Well after months and months of having this blog, I am fully aware of where I need to begin. Truth be told, fear of rejection keeps us from accomplishing our goals. So here I finally am…
I would like to share an entry from one of my journals from 2017. I want you to know that my story does not begin or end with domestic violence, but it definitely had a chapter in my life.
Jolts of electricity run through me. Acid bubbles on my skin. Seared heart ringing ears singing songs of sadness. Salted wounds. Aching soul. Need to be protected. I just want to feel safe. I am judged and exposed for the world to see. Broken and empty. Bruises heal but words never go away. I can never forget who I used to be but will never be loved for who I am.

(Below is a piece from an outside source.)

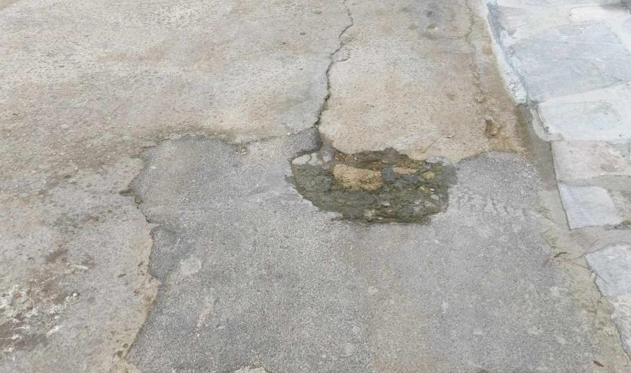 Ειδικότερα, σε όλο το μήκος του δρόμου έχει λακκούβες και μεγάλες φθορές η τσιμεντόστρωση, με αποτέλεσμα όχι μόνον να διατρέχουν κίνδυνο να χάσουν την ισορροπία τους οι οδηγοί μηχανών, αλλά και να μην μπορούν να βαδίσουν με ασφάλεια οι πεζοί τις βραδινές ώρες.

*Constantly having the soundtrack of my past on repeat and I can never find the power switch. My past will never be silent. Its not me the ghosts of my past haunting me- its him. They rattle their chains in his mind and he can never outrun their haunting melody* Shaking him down until he has no choice but to unleash them on me.
I am alone. I can’t run. The storm is all around me. Cold and dark the words pound down like sleet and hail beating, bashing, slashing me down. I am in a vortex. Everything goes black. When I come to, I am surrounded by destruction. Piles of pain are everywhere. My eyes burn my chest is aching. Nothing is clear. Nothing is fair. The ghosts of my pasts are giving wicked grins knowing they’ve had another victory.
I am publishing this because I want to be as transparent as I can with y’all. Domestic violence is NEVER OK, but it happens everyday. An abusive relationship is one of the loneliest places you can be. Fearful to stay, but terrified to leave.
I thank my God everyday for the hedge of protection He placed around me and my daughters. I am more than abundantly grateful my daughters were not direct victims of the darkness. We are completely out of the darkness, and living our best lives.
Although I do not want my entire blog to be focused around domestic violence, I do want to let you know you are not alone. Its real and its raw and its no respecter of age, race, gender, social status, or economic status. Speak up and speak out I am always here to listen. Be someone’s voice if they don’t have their own.
Thank you for letting me share my story. I am honored and humbled.